Dear Annie: Four months ago, my wife of 22 years left me. She moved in with her parents, filed for divorce and said she is going to find happiness. She had an affair, and we tried to work through it, but she wanted me to heal according to her timetable, not mine.
I have custody of our children, and she rarely sees them. When she does, it is all fun and games and no responsibility. We both work professional jobs. I have been through all the hurts and emotions and everything that goes with a divorce. I keep hoping she will come to her senses and return home.
Since she doesn’t pay any bills or child support, she left us in a difficult financial bind. I recently met someone who is a sweetheart. But I still have a few feelings for my soon-to-be ex. Do I move on or wait?
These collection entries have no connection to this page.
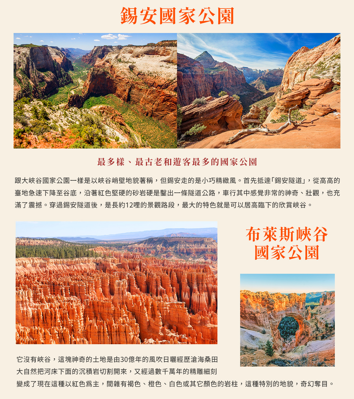 【錫安國家公園】猶他州最多樣、最古老和遊客最多的國家公園,跟大峽谷國家公園一樣是以峽谷峭壁地貌著稱,但錫安走的是小巧精緻風。首先抵達「●錫安隧道」,從高高的臺地急速下降至谷底,沿著紅色堅硬的砂岩硬是鑿出一條隧道公路,車行其中感覺非常的神奇、壯觀,也充滿了震撼。穿過錫安隧道後,是長約12哩的景觀路段,最大的特色就是可以居高臨下的欣賞峽谷。接著來到山壁上有著形似棋盤格狀的「●棋盤山」,故名思義,整座山像一面巨大的棋盤,高達2056公尺的白色山石,上面的線條縱橫交錯,整齊有致,聳立在四周均為褐紅色的山峰巨石之中,顯得格外引人注目。
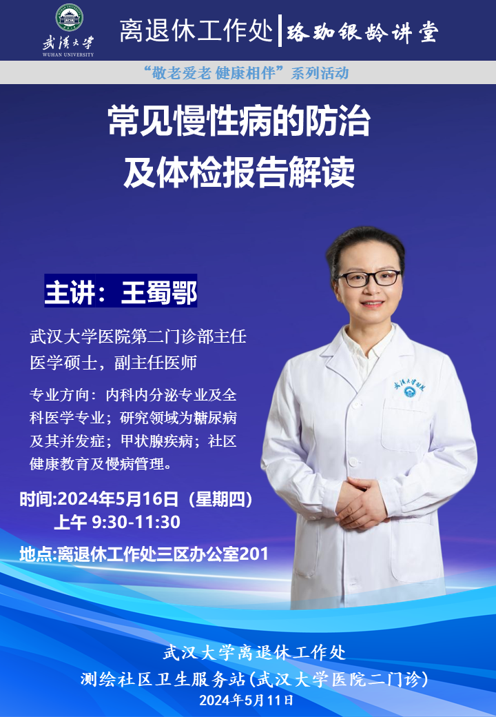 为普及慢性病知识,科学解读体检报告,提高离退休老同志的健康管理意识与自我保护能力,满足老年人对健康生活的需求。5月16日上午,新利18xl持续开展“珞珈银龄讲堂”第六期之“敬老爱老 健康相伴”系列活动。
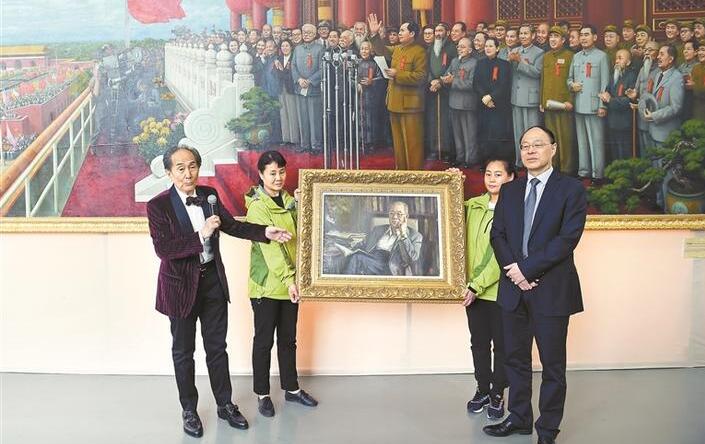 ▲劉宇一(左一)向深圳大學(xué)贈(zèng)畫。深圳晚報(bào)記者 馮明 攝
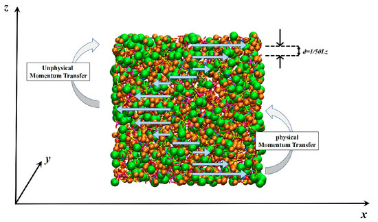 Muller-Plathe [22] proposed a method to calculate shear viscosity in terms of RNEMD, which was achieved by exchanging momentum and artificially constructing the shear field; the formulas are shown in Equations (7) and (8). The velocity gradient and shear rate can be obtained from the simulation accordingly. This method has been applied to many fields, such as nanofluids, for the calculation of thermally conductive viscosity [23,24]. In this simulation, the RNEMD method was also adopted to calculate the viscosity of different slag systems. During the calculation, the two ends were fixed, and the system was sliced along the Z-axis. 50 slices were cut. The momentum components at the center and both sides were exchanged to construct the velocity gradient and form the shear field to calculate the viscosity. The schematic diagram is shown in Figure 2. During the calculation, the slag was considered as a liquid state. The solid fraction was not introduced in the model, which may cause some inaccuracies.
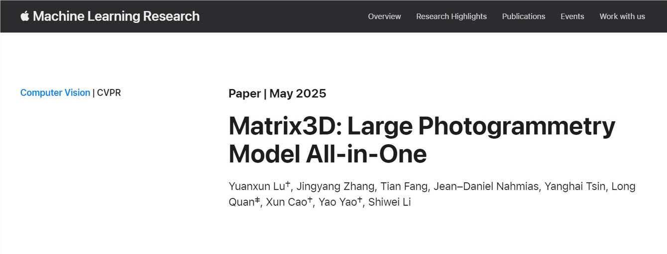 据9to5Mac报道,苹果机器学习团队与南京大学、香港科技大学的研究人员合作发布了一款非常有意思的 3D AI 模型,名为Matrix3D。据悉,这款大型摄影测量模型能够仅凭几张二维照片重建三维物体和场景,这与当前的流程有很大不同。
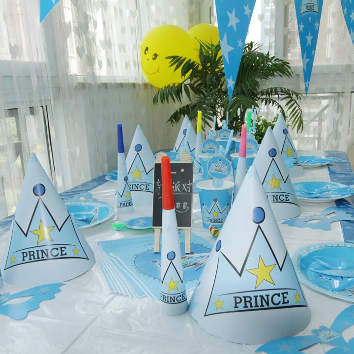 Prince crown theme decorating children birthday hat party dessert table tableware baby dress up accessories
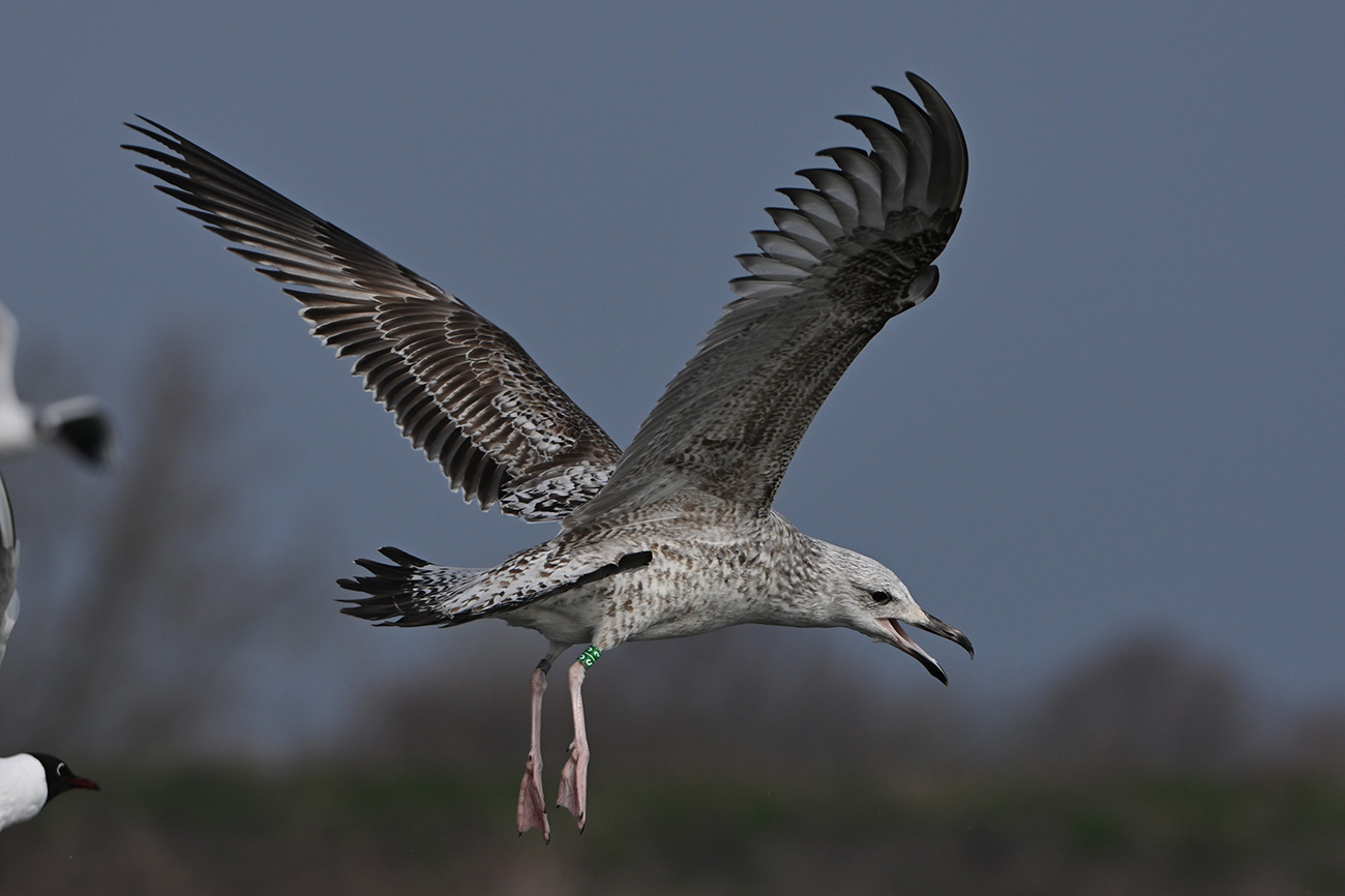 below: Caspian Gull cachinnans S|3 2CY, March 08 2026, colony Lelystad, the Netherlands. Picture: Thijs Horst.

Advice Needed in the Midwest
Dear Advice: See a lawyer and make sure your wife pays child support and has regular visitation with her children. They will need to see her, and you are entitled to the financial assistance. And while it’s possible that your wife’s desire to be irresponsible and immature will diminish in time, we see no reason for you to wait around unless she is willing to get into counseling and work on her marriage. It is natural for you to still have some feelings for her, but you should not be stuck pining away. Rest assured she won’t be doing the same.
Dear Annie: I am the step-grandmother of a 7-year-old whom I consider my granddaughter. “Missy” does not have a relationship with her father (my husband’s son), although we have been actively involved with her since she was an infant. Missy’s mother subsequently had another child, now 3, with someone else.
We recently were informed that Missy cannot visit us on weekends without her little brother. According to their mother, he “cries all weekend when his big sister is gone.”
My husband and I feel this woman is simply seeking a baby sitter for the weekends. We have resorted to elaborate reasons why we cannot have both kids, but I’m afraid we’re running out of excuses. We have not seen Missy for weeks now, but my husband refuses to take the 3-year-old. What should we do?
Dear Perplexed: You may be right that Missy’s mother is looking for free baby-sitting, but the price of saying no is rather steep. She seems perfectly willing to keep her away until you acquiesce, so you might reconsider and “adopt” the 3-year-old, as well. Missy might appreciate it. You also could try working out an arrangement that doesn’t involve weekends, perhaps taking Missy out for ice cream on Wednesdays or picking her up from school. It wouldn’t be the same, but at least you would remain in regular contact.
If there is any way to encourage your stepson to be more involved in his child’s life, that would be a positive move. And also look into grandparents’ rights in your state.
Dear Annie: I am in an abusive marriage. There has been some physical abuse along with verbal, emotional and mental abuse. It has gone on for three years, and I think about leaving every day. I cry all the time.
I have tried to be a good wife, but nothing I do is good enough. I have talked to counselors, and they tell me I need to get out. I want to, but I don’t have any money (he has seen to that) and I have no place to go. I don’t have any family or friends close by to stay with.
I’ve been in contact with the local women’s shelter a couple of times, but right now, they don’t have any available housing. How can I leave if I don’t have any money or a place to go? I just don’t know how much longer I can hang on.
Dear Crying: Please call the National Domestic Violence Hotline (thehotline.org) at 800-799-SAFE (800-799-7233). The people there can help you figure out how to protect yourself and prepare to leave this relationship. In the meantime, don’t hide your situation. Let others know what is going on, including your family members and trustworthy friends. When you are able to leave, you will need their support.
Dear Annie: I can relate to “There’s a Lady in the House.” I’ve been married for four months. I, too, found out after the wedding that my husband cursed. I tried everything from kisses for good words to lovingly pointing out that I did not appreciate his bad language.
One day I lost it. After hearing the umpteenth curse word come out of his mouth, I simply responded in kind. The look on my husband’s face was incredulous. I said I was tired of butting heads over his language and if I can’t beat him I might as well join him and speak on a level he can understand. Was it drastic enough? You betcha! It actually worked.
That day, my husband’s language not only changed, but he now also appreciates me so much more.